Task
Would you output the entries below only from the line containing "tunika czarna elegancka, tunika" through the line containing "Libicare Meno 30+30caps", exactly as they stand and with both ends included?

Data under study
☆ ☆ ☆
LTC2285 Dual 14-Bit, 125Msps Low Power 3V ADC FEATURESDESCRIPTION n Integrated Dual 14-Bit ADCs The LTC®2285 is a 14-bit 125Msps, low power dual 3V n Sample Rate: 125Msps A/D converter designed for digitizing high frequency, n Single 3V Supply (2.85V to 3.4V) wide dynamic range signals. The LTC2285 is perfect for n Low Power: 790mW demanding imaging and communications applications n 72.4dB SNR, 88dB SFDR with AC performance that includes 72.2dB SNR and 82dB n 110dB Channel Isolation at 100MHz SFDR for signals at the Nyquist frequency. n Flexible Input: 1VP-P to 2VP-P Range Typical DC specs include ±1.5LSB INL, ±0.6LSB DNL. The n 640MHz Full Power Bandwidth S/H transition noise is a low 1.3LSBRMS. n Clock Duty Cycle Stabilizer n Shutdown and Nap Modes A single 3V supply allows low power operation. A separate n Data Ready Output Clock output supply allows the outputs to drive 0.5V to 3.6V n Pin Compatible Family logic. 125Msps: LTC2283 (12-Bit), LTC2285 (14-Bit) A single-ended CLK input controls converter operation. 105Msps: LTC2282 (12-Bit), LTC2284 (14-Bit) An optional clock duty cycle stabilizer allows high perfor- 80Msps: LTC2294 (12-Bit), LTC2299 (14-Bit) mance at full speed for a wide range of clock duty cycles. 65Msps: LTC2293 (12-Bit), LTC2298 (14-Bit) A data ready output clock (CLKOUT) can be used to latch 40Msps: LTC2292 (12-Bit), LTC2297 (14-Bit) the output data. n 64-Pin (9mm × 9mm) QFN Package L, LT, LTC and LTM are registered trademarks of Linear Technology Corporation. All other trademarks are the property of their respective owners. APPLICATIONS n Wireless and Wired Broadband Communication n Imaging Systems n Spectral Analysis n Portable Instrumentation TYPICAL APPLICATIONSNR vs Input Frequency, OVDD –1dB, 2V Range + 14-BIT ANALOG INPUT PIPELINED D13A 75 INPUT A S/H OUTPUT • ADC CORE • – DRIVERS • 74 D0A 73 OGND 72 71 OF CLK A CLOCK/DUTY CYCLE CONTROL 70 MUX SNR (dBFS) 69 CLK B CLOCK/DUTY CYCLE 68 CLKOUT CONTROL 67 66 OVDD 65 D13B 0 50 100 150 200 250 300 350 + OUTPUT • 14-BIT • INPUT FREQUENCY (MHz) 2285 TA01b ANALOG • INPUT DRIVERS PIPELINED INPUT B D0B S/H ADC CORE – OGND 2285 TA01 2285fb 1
☆ ☆ ☆
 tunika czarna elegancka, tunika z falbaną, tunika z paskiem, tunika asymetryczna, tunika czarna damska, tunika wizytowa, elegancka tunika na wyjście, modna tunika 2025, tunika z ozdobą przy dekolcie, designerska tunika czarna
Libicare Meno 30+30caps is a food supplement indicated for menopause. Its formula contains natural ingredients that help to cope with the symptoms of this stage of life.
☆ ☆ ☆
Solution to this problem
 tunika czarna elegancka, tunika z falbaną, tunika z paskiem, tunika asymetryczna, tunika czarna damska, tunika wizytowa, elegancka tunika na wyjście, modna tunika 2025, tunika z ozdobą przy dekolcie, designerska tunika czarna
Libicare Meno 30+30caps is a food supplement indicated for menopause. Its formula contains natural ingredients that help to cope with the symptoms of this stage of life.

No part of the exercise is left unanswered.